The Irrawaddy reported that anti-Chinese protests broke out on May 10 across Myanmar. Protests were staged in Yangon, Salingi, and Letpadung among other places. An online campaign launched by students called for China to stop killing people in Myanmar by supporting ‘fascist criminals’, the report said.

The Irrawaddy report also said that according to some analysts, the flurry of high-profile visits by China to Myanmar followed soon after the US Congress passed the Burma Act which authorises funds and technical assistance to Myanmar’s anti-junta forces, including the ethnic armed organisations which have now teamed up with other opposition forces.

Whether such US assistance has come into this strife-torn country is not evident. Probably, the Biden administration does not want another complication in the already contentious relations between the two countries to come into play, analysts have said.

With no positive contributions coming from the West to resistance fighters opposing the junta and only strong UN Security Council resolutions calling on the military leaders to halt violence and work towards reconciliation in addition to strong statements of support by US Secretary of State Anthony Blinken, Myanmar’s resistance fighters have been left destitute without foreign military assistance.

China’s policy of non-interference enables it to support absolute dictatorships while providing economic assistance without which these regimes would collapse.  The countries now under authoritarian dictatorships with the blessings of China on its southern border are: Cambodia, Myanmar, Vietnam and Laos. It’s a blot on China’s foreign policy considering its success in the Middle East — the Iran-Saudi rapport—a breakthrough in South America by forging links to Brazil and success in many African countries. The only exception is Thailand among its Southern neighbours which is pro-Western in foreign policy but dares not antagonise the emerging superpower on its northern border by assisting the rebels in neighbouring Myanmar.

Sri Lanka had strong Buddhist links with Myanmar — earlier known as Burma — the land of the Pagodas. Since Gen Ne Win seized power in 1962 and his regime was followed by successive military dictatorships to date, relations between the two countries had waned.

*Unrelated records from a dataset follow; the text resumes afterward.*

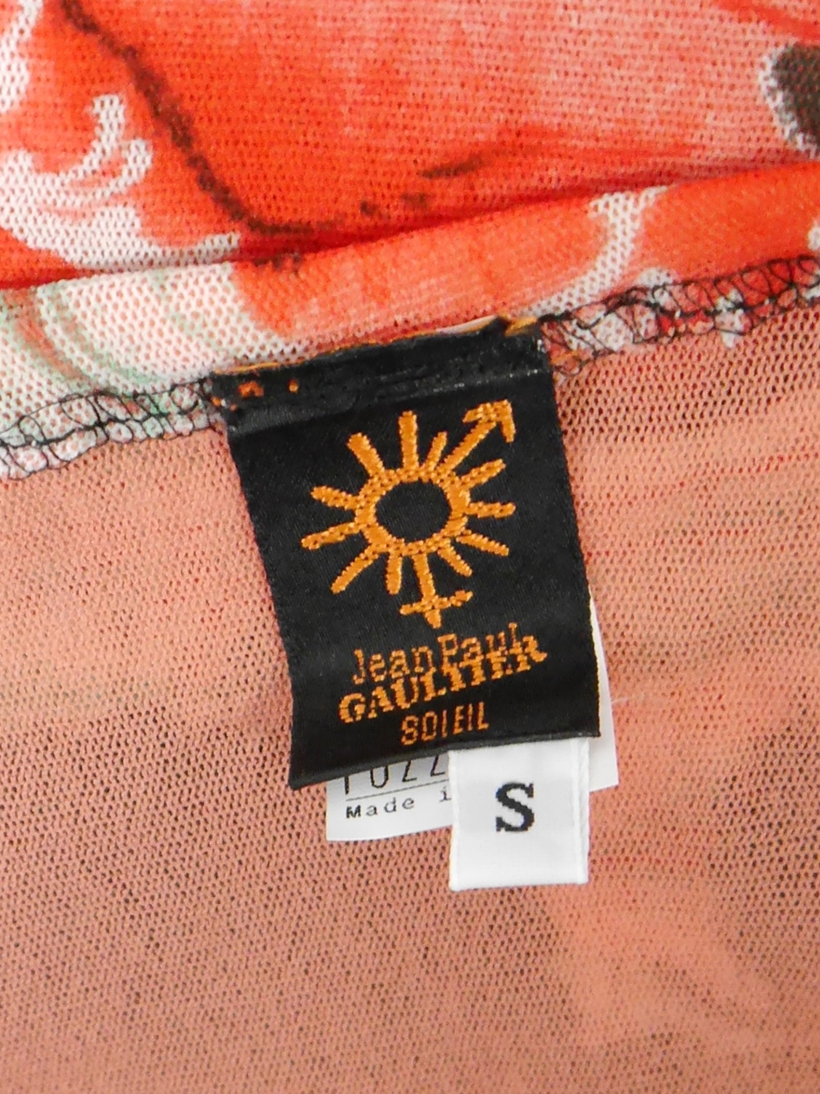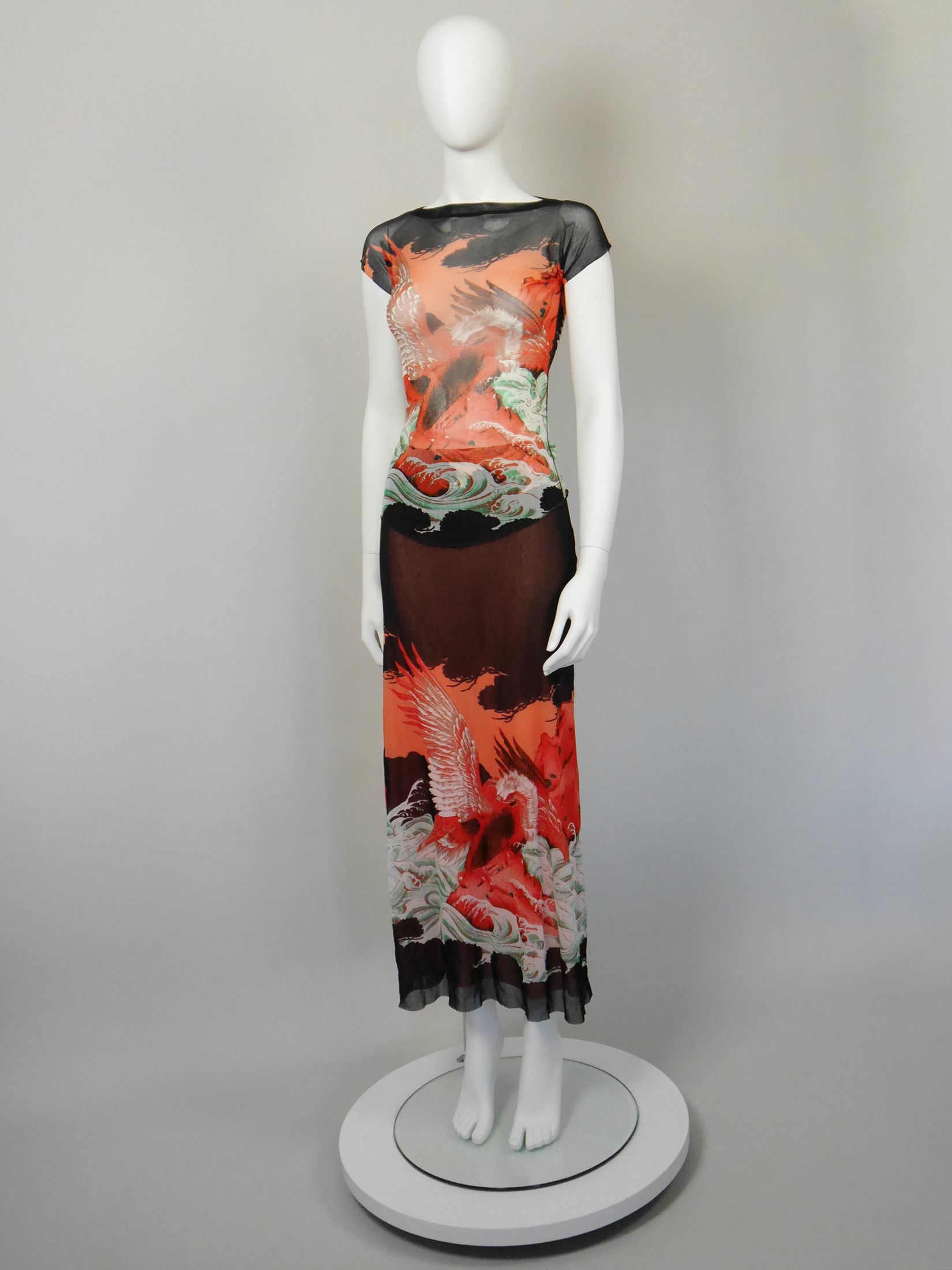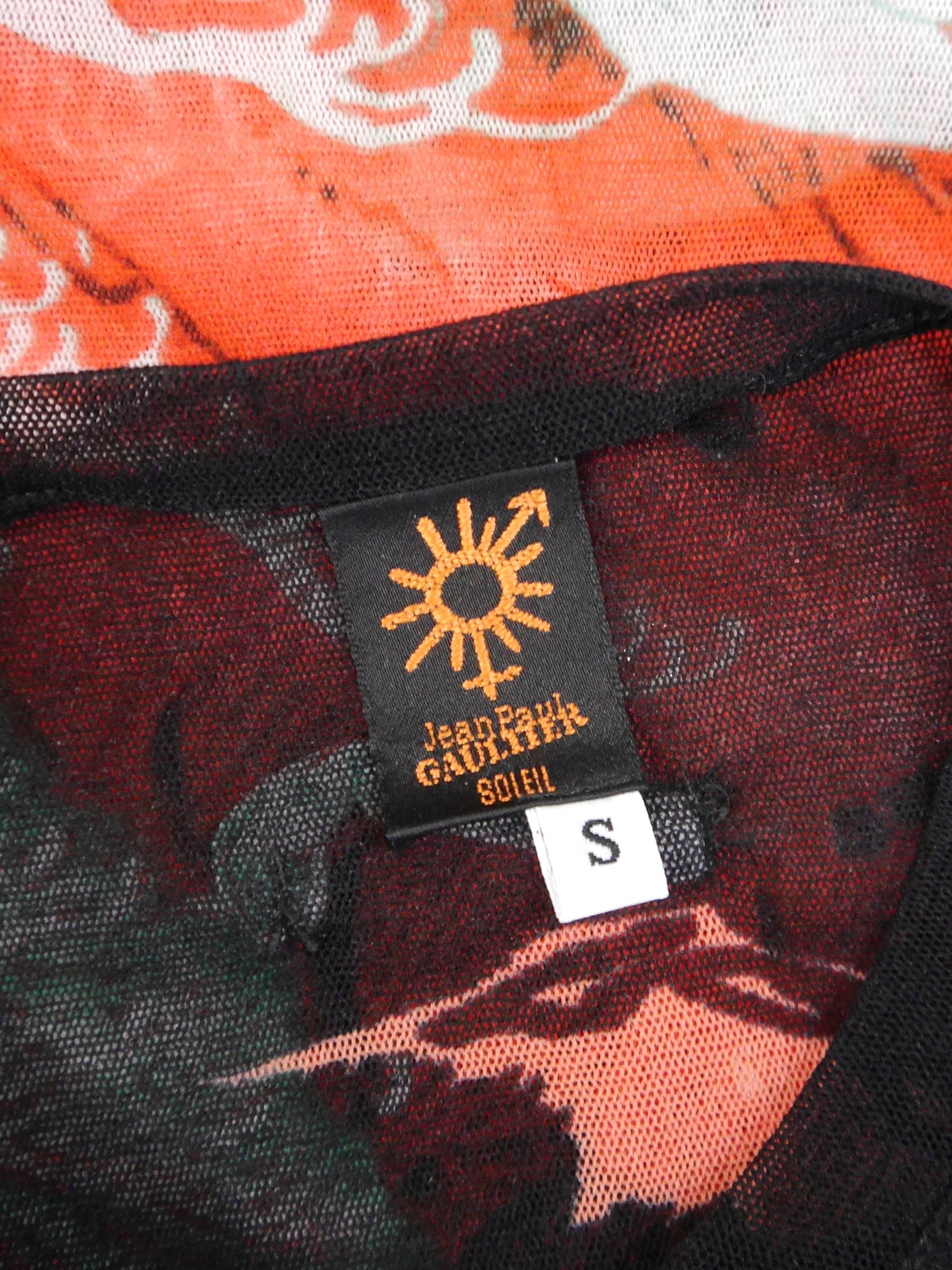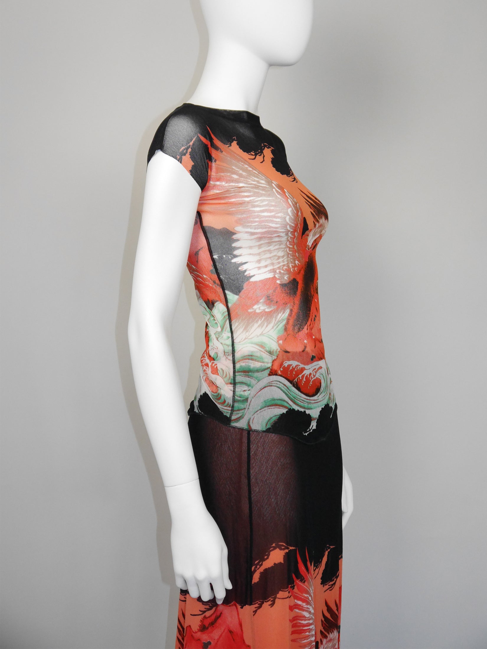 This rare and iconic vintage Jean Paul Gaultier set from the 1990s is made of the designer's fine signature mesh and features the instantly recognizable "dragon" or "eagle" print in the red colorway. The ensemble comprises a shirt and the matching maxi skirt. Both pieces slip on to wear. 100% polyamide. The skirt is lined with an additional layer of orange mesh for opacity, the shirt is unlined. Made in Italy. This set is an absolute rarity as both pieces are the same size and the delicate mesh is fully intact. Kendall Jenner famously wore an ensemble with this print in yellow (reference picture via vogue.com).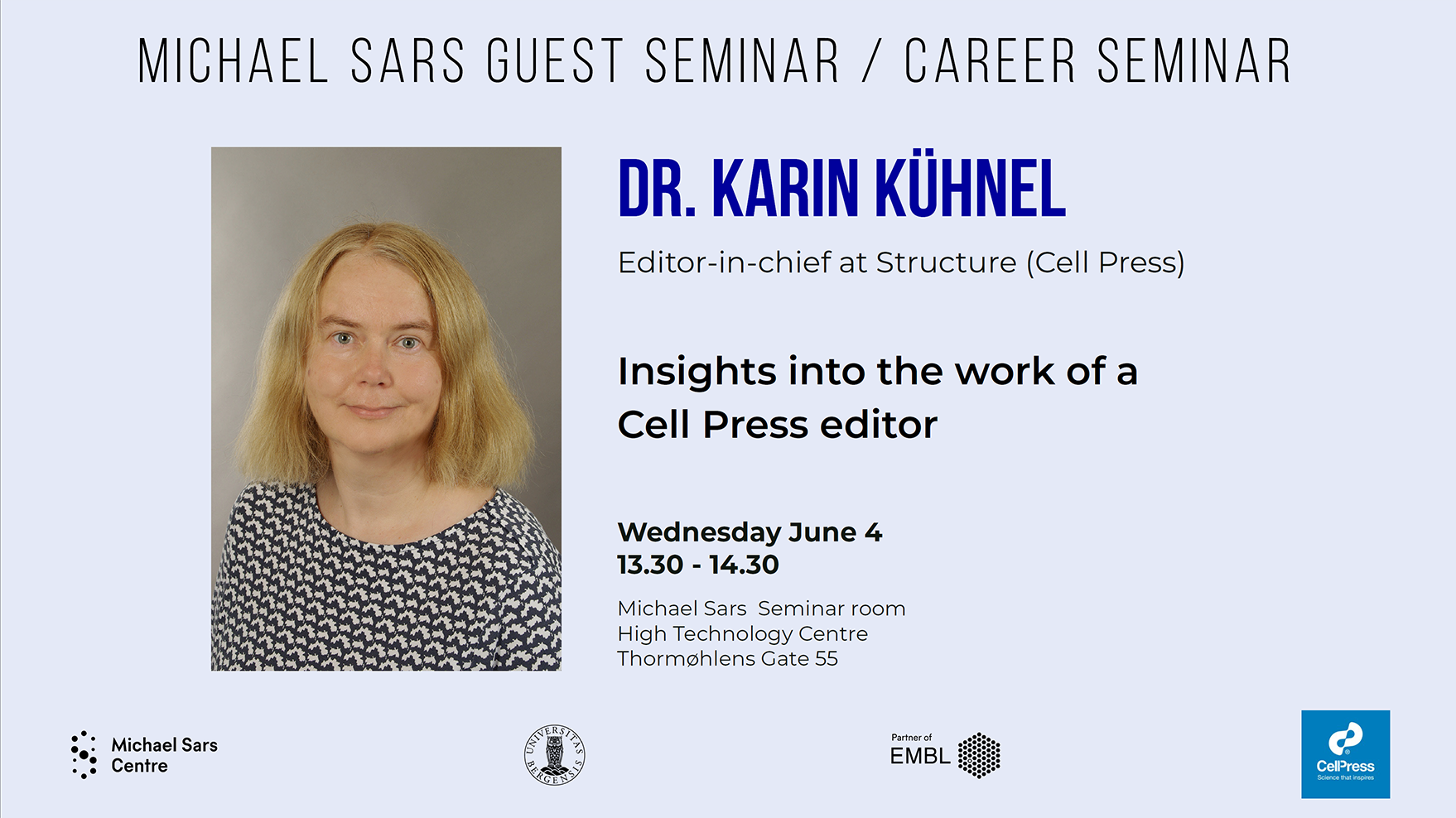 Dr. Karin Kühnel, editor-in-chief at Structure (Cell Press), will present: «Insights into the work of a Cell Press editor»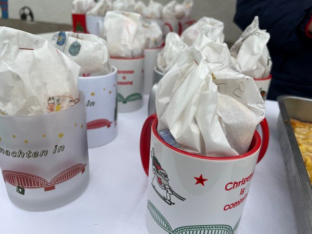 Für den ersten schuleigenen Weihnachtsmarkt hatte sich die Klasse 4a im Vorfeld etwas besonderes überlegt. Gemeinsam mit den Klassenlehrkräften wollte man die Schulgemeinschaft überraschen und Kekse in Weihnachtstassen anbieten. Die Kekse sollten natürlich selbstgemacht sein, weswegen man sich an einen Schultag komplett in die Mensa zurückzog. Dort wurden zunächst die Kekse ausgestochen und danach mit Zuckerguss und Schokostreuseln oder Zuckerperlen verziert. An dieser Weihnachtsbäckerei hatten alle Kinder mächtig Spaß und man war auch äußerst produktiv. Nicht nur den Kindern schmeckten die Kekse ganz hervorragend.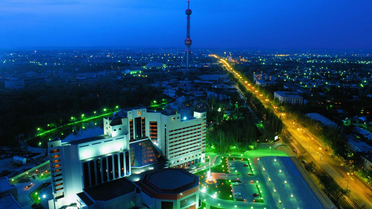 Wallpaper View of Tashkent and Tashkent Tower at dusk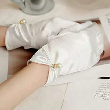 Higohome Girls' Wrist Length Wedding Gloves Satin Pearls Short Bridal Church Gloves for Bride,Ivory
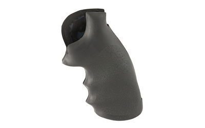 The Hogue Monogrip is a one-piece, overmolded rubber grip engineered to fit Ruger Redhawk revolvers. It combines a cobblestone textured surface and finger grooves to enhance purchase and control. The grip includes a Sorbothane insert positioned under the web of the hand to absorb recoil and improve comfort. Installation is tool-free; a patented steel stirrup clips over the existing stock pin or bottom strap for a secure fit without frame modification.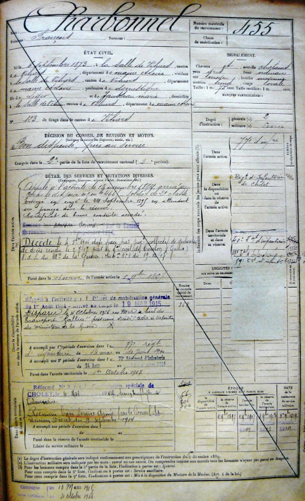 Gonnord (Commune fusionnée dans Valanjou le 01/01/1974) - L'intéressé est fils de Léger et de GAUFREAU Marie - Il s`est marié à Coron le 14/11/1909 avec CHARBONNEL Marie Jeanne
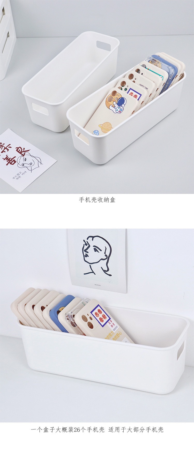 높은 색상 값 간단한 순수한 흰색 저장 상자 데스크탑 손 계정 스티커 작은 카드 휴대 전화 케이스 잡화 저장 방진 캐비닛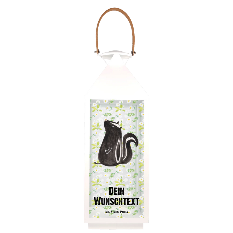 Die personalisierte Deko Laterne »Stinktier sitzend« aus der Stinktier-Kollektion von Mr. & Mrs. Panda ist das perfekte Geschenk für alle, die ihren Garten, Balkon oder ihre Terrasse liebevoll dekorieren möchten.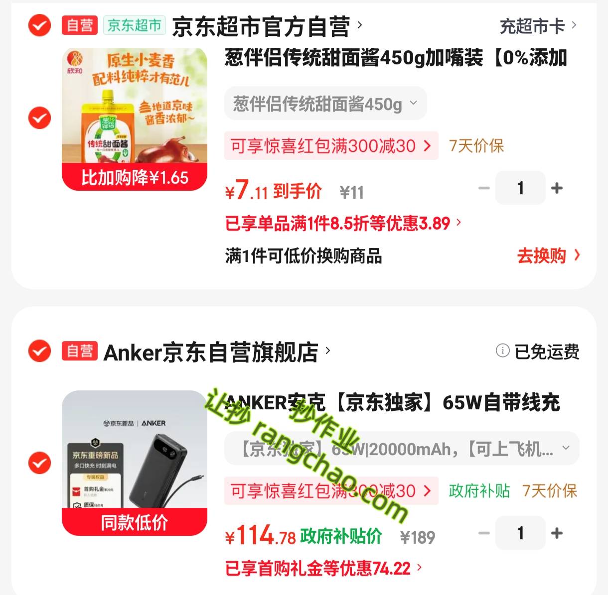 ANKER安克65W自带线充电宝20000mAh 115.46元

But under President Gotabaya Rajapaksa, a former Lt. Colonel in the Sri Lankan army, relations with the Myanmar Junta picked up and appears to be building up after him. A state-controlled newspaper in Sri Lanka on May 5 headlined a story where Prime Minister Dinesh Gunawardena felicitated leading Buddhist monks ‘who were honoured by the Republic of Myanmar’ at a ceremony held at Temple Trees on May 03. The ceremony was attended by ministers, parliamentarians, government officials and Myanmar’s Ambassador U Han, the report said.

While strengthening relations between the Buddhist clergy of Myanmar and Lanka is welcome, should the Sri Lanka government patronise events sponsored by the military junta which is killing people of Myanmar (70 percent Buddhist), has been keeping the country under its military jackboot for over two years and throwing democratically elected leaders behind bars to last a lifetime? Sri Lanka has been a democracy for 78 years and its people voting with their feet threw out a government of a former military officer moving towards authoritarianism only last year. We still go under the description of a Democratic Republic.

Do the people of Lanka approve the conduct of the Myanmar military junta? Should our Foreign Policy be a projection of the sovereign will of the people?